Self-Attention Mechanism

  • Q, K, V Explained:
    • Query (Q): The representation of the token seeking contextual info.
    • Key (K): The representation of tokens being compared against.
    • Value (V): The information to be aggregated based on the attention scores.
  • Multi-Head Attention: Splits Q, K, V into multiple “heads” to capture diverse relationships and nuances across different subspaces.
  • Dot-Product & Scaling: Computes similarity between Q and K (scaled to avoid large gradients), then applies softmax to weigh V accordingly.

Masking

  • Causal Masking: In autoregressive models, prevents a token from “seeing” future tokens, ensuring proper generation.
  • Padding Masks: Ignore padded (non-informative) parts of sequences to maintain meaningful attention distributions.

Feed-Forward Networks (MLPs)

  • Transformation & Storage: Post-attention MLPs apply non-linear transformations; many argue they’re where the “facts” or learned knowledge really get stored.
  • Depth & Expressivity: Their layered nature deepens the model’s capacity to represent complex patterns.

Residual Connections & Normalization

  • Residual Links: Crucial for gradient flow in deep architectures, preventing vanishing/exploding gradients.
  • Layer Normalization: Stabilizes training by normalizing across features, enhancing convergence.

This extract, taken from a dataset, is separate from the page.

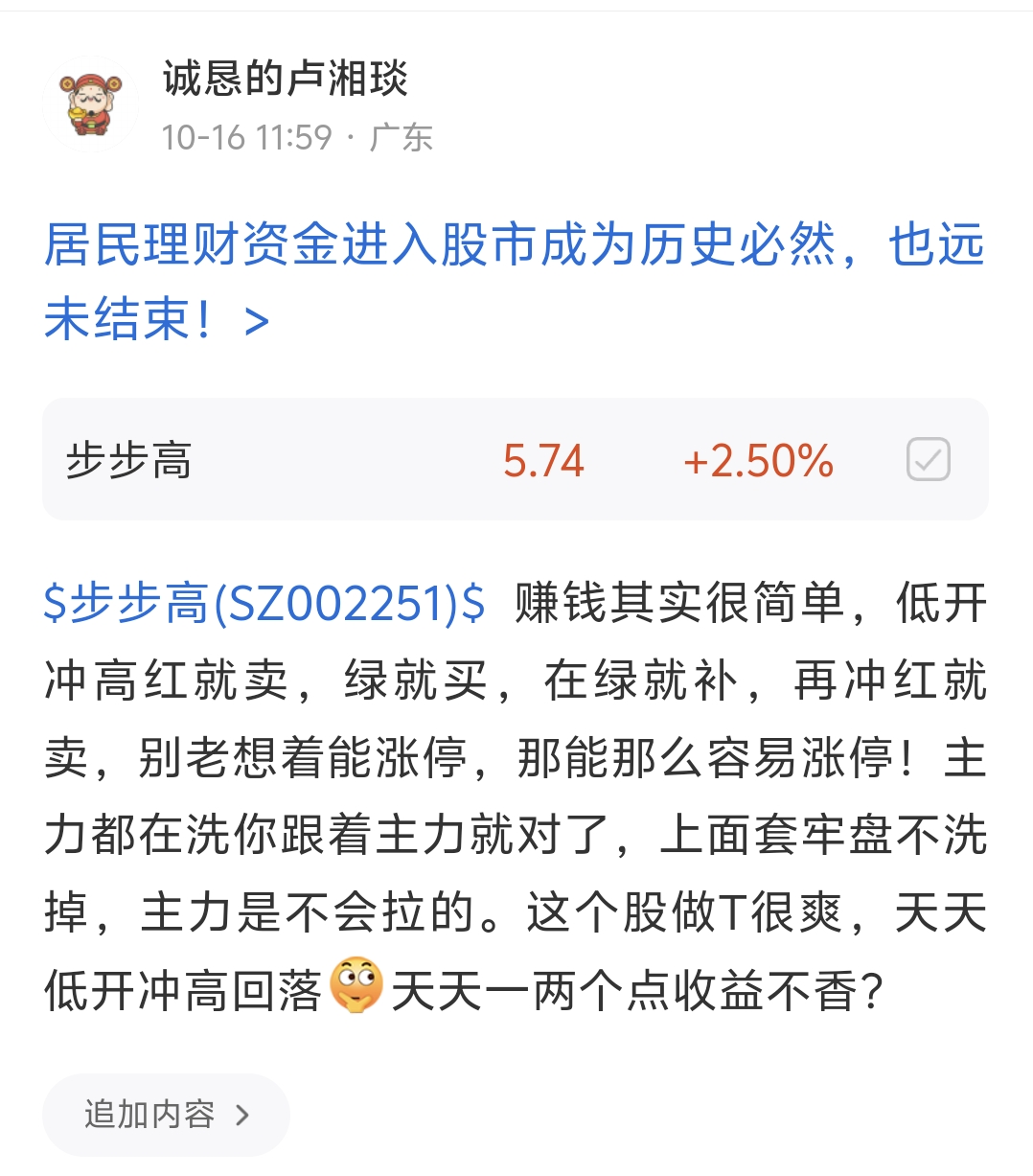 还是那句话,赚钱很简单,低卖高卖,经常低开的股,这股非常合适做T,你看前面那波,多少个冲高回落,本来涨20个点,要是跟着主力做T都有40个点的收益,卖的不是最高位也有30个点,个人意见。请勿学习

Scalability & Efficiency Considerations

  • Parallelization Advantage: Entire architecture is designed to exploit modern parallel hardware, a huge win over RNNs.
  • Complexity Trade-offs: Self-attention’s quadratic complexity with sequence length remains a challenge; spurred innovations like sparse or linearized attention.

Training Paradigms & Emergent Properties

  • Pretraining & Fine-Tuning: Massive self-supervised pretraining on diverse data, followed by task-specific fine-tuning, is the norm.
  • Emergent Behavior: With scale comes abilities like in-context learning and few-shot adaptation, aspects that are still being unpacked.

Interpretability & Knowledge Distribution

  • Distributed Representation: “Facts” aren’t stored in a single layer but are embedded throughout both attention heads and MLP layers.
  • Debate on Attention: While some see attention weights as interpretable, a growing view is that real “knowledge” is diffused across the network’s parameters.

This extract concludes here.